O grupo Volkswagen continua a agir e acaba de oficializar a escala dos seus cortes de empregos na Alemanha, com 50 mil empregos em risco. Ao mesmo tempo, o grupo está a reestruturar e a recentralizar algumas das suas atividades.

Sabíamos que ia doer. Agora medimos até que ponto. E é claro que vai doer muito. Oliver Blume, chefe do grupo Volkswagen, confirmou em carta aos acionistas, publicada juntamente com os resultados anuais de 2025 e divulgada pela agência de notícias Reutersque alguns 50.000 empregos seriam perdidos na Alemanha nos próximos anos.
O grupo, que empregava cerca de 293 mil pessoas em solo alemão no final de 2024, poderia assim cair abaixo de 250.000 funcionáriosobviamente levando em conta algumas contratações que continuarão paralelamente, porque também não ficará tudo congelado.
Este anúncio não é uma grande surpresa, na medida em que a maior parte dos cortes já era conhecida: no final de 2024, a marca Volkswagen (e não todo o grupo) tinha chegado a um acordo com os sindicatos para cortar 35 mil postos de trabalho até 2030.

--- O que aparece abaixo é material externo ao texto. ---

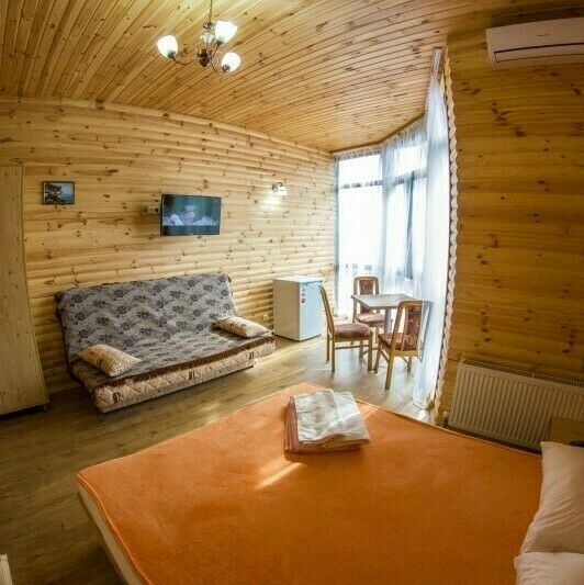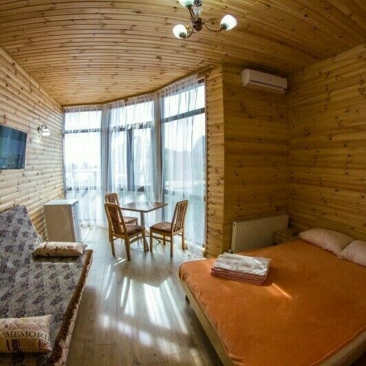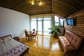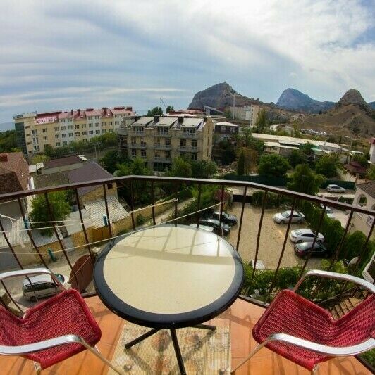 Двуспальная кровать, диван, холодильник, телевизор, кондиционер, санузел с душевой кабиной. По просьбе предоставляются утюг и чайник. У каждого номера имеется балкон, откуда открывается отличный вид на Генуэзскую крепость.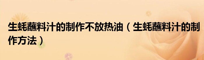 大家好,小生來為大家講解下。生蠔蘸料汁的制作不放熱油,生蠔蘸料汁的制作方法很多人還不知道,現(xiàn)在讓我們一起來看看吧!

O robô cortador de grama autônomo de nova geração
O Mammotion LUBA 3 AWD mapeia o seu jardim ao centímetro mais próximo graças à sua navegação RTK e visão 3D. Encostas, obstáculos, áreas complexas… Gere tudo de forma inteligente a partir do seu smartphone.

Mas a “novidade” é a consolidação do quadro geral, uma vez que a Audi, a Porsche e até mesmo a Cariad, a entidade de software do grupo, estão agora explicitamente informadas.
Resultados que (parcialmente) explicam esta decisão
Para compreender este plano social sem precedentes, devemos olhar para os números de 2025, ou mesmo de 2024, depois também de 2023, se não de todo o período pós-pandemia. Em 2025, o volume de negócios do grupo manteve-se nos 321,9 mil milhões de euros, quase estável face ao ano anterior (324,7 mil milhões).
Leia também:
Os 35.000 cortes de empregos não foram suficientes: a Volkswagen continua sua enorme redução de custos
Mas por trás desta solidez mais ou menos aparente, as margens entraram em colapso : o lucro operacional caiu para metade, para 8,9 mil milhões de euros, e o lucro líquido caiu 38%, de 10,7 para 6,7 mil milhões. A margem operacional caiu para 2,8%. Um nível que não víamos desde 2016, no coração de Dieselgate.
Oliver Blume alertou suas equipes que, a partir de janeiro, os próximos esforços seriam muito mais severos. Diante dos jornalistas, declarou que o grupo não deixaria “ nenhuma pedra sem virá-la », segundo a mídia alemã Handelsblatt. Desenvolvimento, compras, vendas, qualidade, produção: todos os departamentos estão envolvidos e serão impactados por esses cortes de empregos.
Uma recentralização do poder em Wolfsburg
Além dos cortes de empregos, é a própria estrutura do grupo que está evoluindo. Desde 1er Em abril, três funções multifuncionais (compras, produção e vendas) ficam diretamente sob a autoridade de Oliver Blume, assim como o desenvolvimento já estava. Até agora, o departamento de compras reportava, por exemplo, ao grupo de marcas “Premium”, que inclui Audi, Bentley e Lamborghini.
Esta centralização deve ser creditada ao fim do duplo papel de Oliver Blume na Volkswagen e na Porsche, quando Michael Leiters, antigo patrão da McLaren, assumiu as rédeas da empresa de Estugarda, cujos lucros, há muito invejáveis, diminuíram recentemente. Para Oliver Blume trata-se de consolidar a sua autoridade em Wolfsburg numa altura em que segundo algumas fontes o seu apoio no seio das famílias accionistas não foi totalmente adquirido.

E, ao mesmo tempo, o grupo está focado no lançamento de uma série de novos produtos em 2026, cerca de vinte no total, com vários modelos 100% elétricos, incluindo o tão aguardado Volkswagen ID. Polo, uma nova versão do ID.4 que poderá se tornar ID. Tiguan, mas também o Skoda Epiq, Cupra Raval e outro Audi Q4 e-tron reestilizado e um hipotético Audi A2.